TM

Midnight in Peking

Rating

10/10 I picked up this book because I am learning Chinese and I was traveling to visit my girlfriend in Beijing soon. It seemed like a fun thing to read a story set in historical Beijing, so I just searched for a book that included Beijing in the title. Found this one, bought it and got to reading with little to no expectations.

But this book turned out to be a banger! It’s a true crime story that seamlessly blends the murder reconstruction of Pamela Werner and the historical developments of pre-war and WWII Beijing. At one moment you are engrossed in the murder case and at another you are getting the broader context of the times that these people lived in, and how, not just China, but the whole world was slowly but surely falling into a war torn reality.

I’m giving it full marks precisely because of this unique blend of a true crime reconstruction and historical narrative. At times there were passages providing a little too much, seemingly unnecessary detail about the involved people, but in retrospect it made a lot of sense to get these backstories. They made the characters that much more real. Plus the author is clearly a history buff so I am sure he got a great kick from researching and understanding all these life stories and their combined involvement as a whole.

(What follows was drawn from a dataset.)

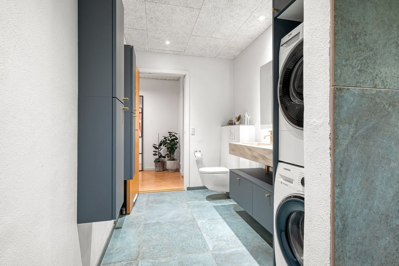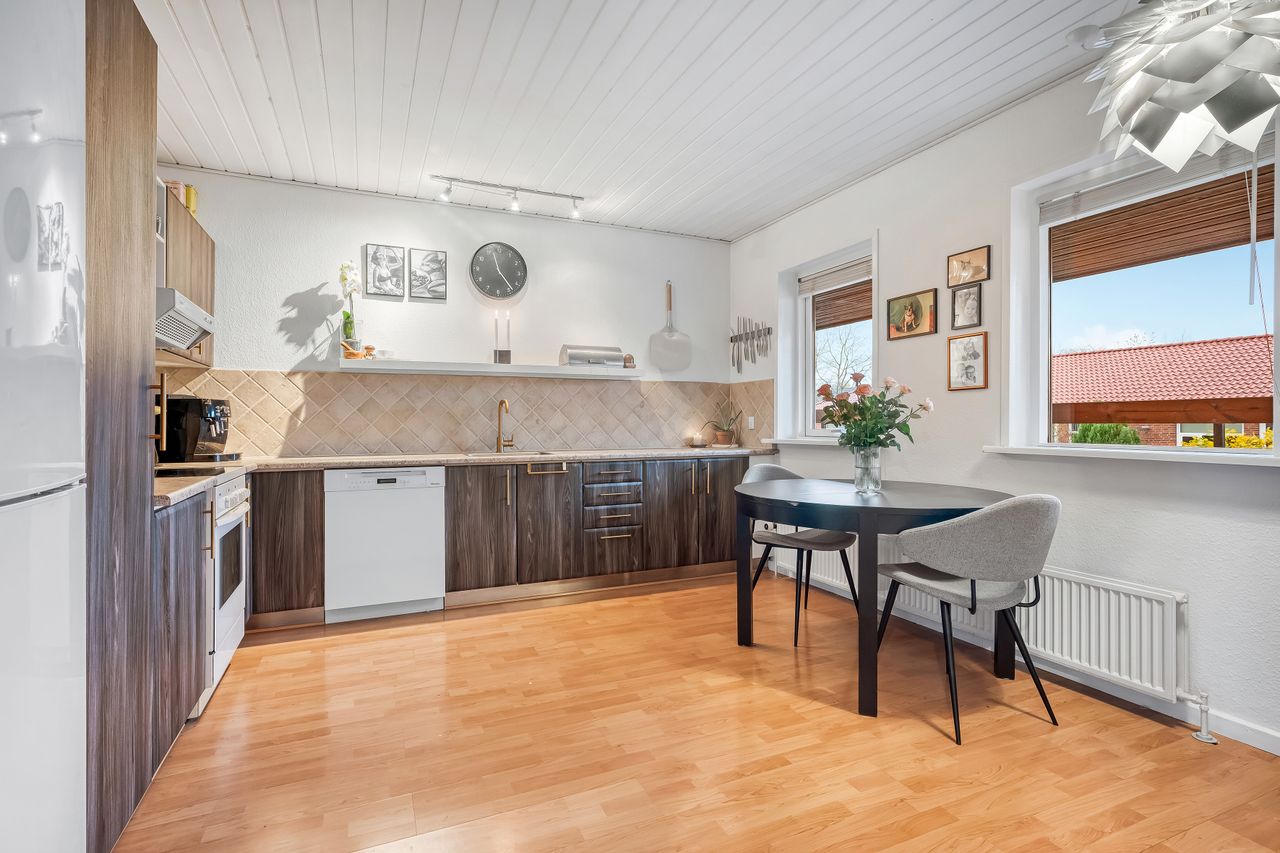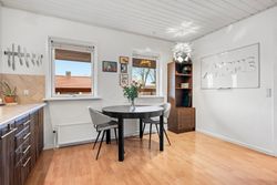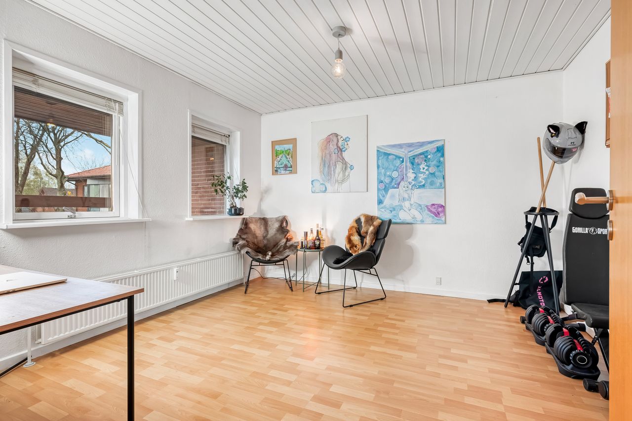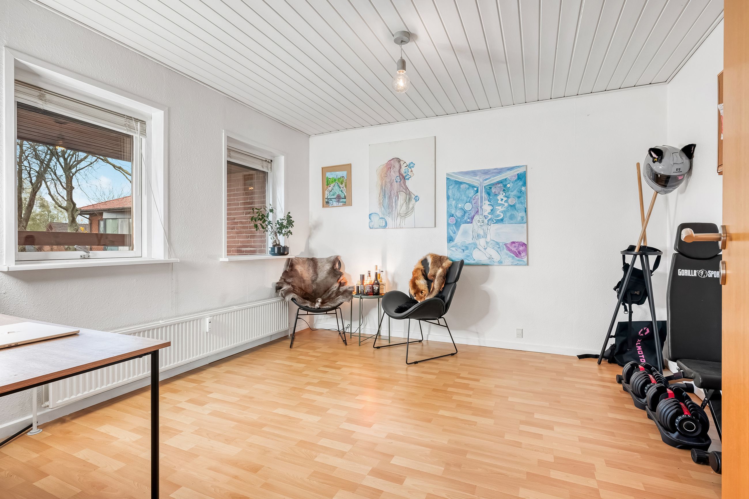 Ejendommen inkluderer også egen carport samt eget depotrum i kælderen for ekstra opbevaringsplads. Som beboer bliver du en del af en velfungerende ejerforening med adgang til fællesarealer såsom have og p-pladser – perfekt for dem der ønsker at bo roligt men stadig tæt på alle nødvendigheder.

The end of the book also explains that the book is mostly based on a pile of documents that the author found in some long-forgotten box in an old British library. I found this very cool because it’s makes it such a serendipitous discovery that lead to a re-telling of a story that would have otherwise be forever forgotten.

Synopsis

It’s 1937 and China is about to fall into a full scale war with Japan under the Japanese occupation. Beijing is swelling in immigrants from the countryside who are trying to escape Japanese and famine. Meanwhile, the few foreigners living in Beijing are divided into the rich inhabitants of the Legation quarter and poor outcasts of the “Badlands”. Pamela Werner is an adoptive daughter of a former British diplomat who’s part of the foreign elite. During her Christmas break of 1937 she doesn’t return home one day. The next morning, her body is found under a nearby city gate but if she didn’t wear her expensive watch, you wouldn’t be able to tell it’s her. She has been murder and savagely mutilated. The whole of Beijing is shocked and an inquiry into the matter is immediately taken up by the police. The Chinese and British foreign police join forces but ultimately find no suspect and the case falls into the background. However, Pamela’s father doesn’t give up and funds a private investigation of his own. He produces several lengthy reports of his findings and demands the British foreign police to reopen the matter. But they never do so - the are covering someone’s back and their own face…

Notes

  • After thinking about what rating I would give this book, I came to the conclusion that my rating of 10/10 is probably heavily distorted by the peak-end bias. Especially for a true crime story like this one, the big reveal of what actually happened comes at the end. Likewise, there is a part somewhere around the middle where the story is the most juiciest, creating the peak of engagement. The rest of this book in particular, although interesting, probably doesn’t warrant a 10 out of 10. So my rating clearly suffered from assessing the book at the end, where it was the most interesting, and mostly remembering the peak of the story when thinking back about what rating I should give it.
  • Maybe for the future I should start rating books at several points in time and average the ratings out at the end. I could give a rating at every reading instance, which is usually once a day. Will try it, I think it will create its own problems but might be a more reliable measurement for book comparison.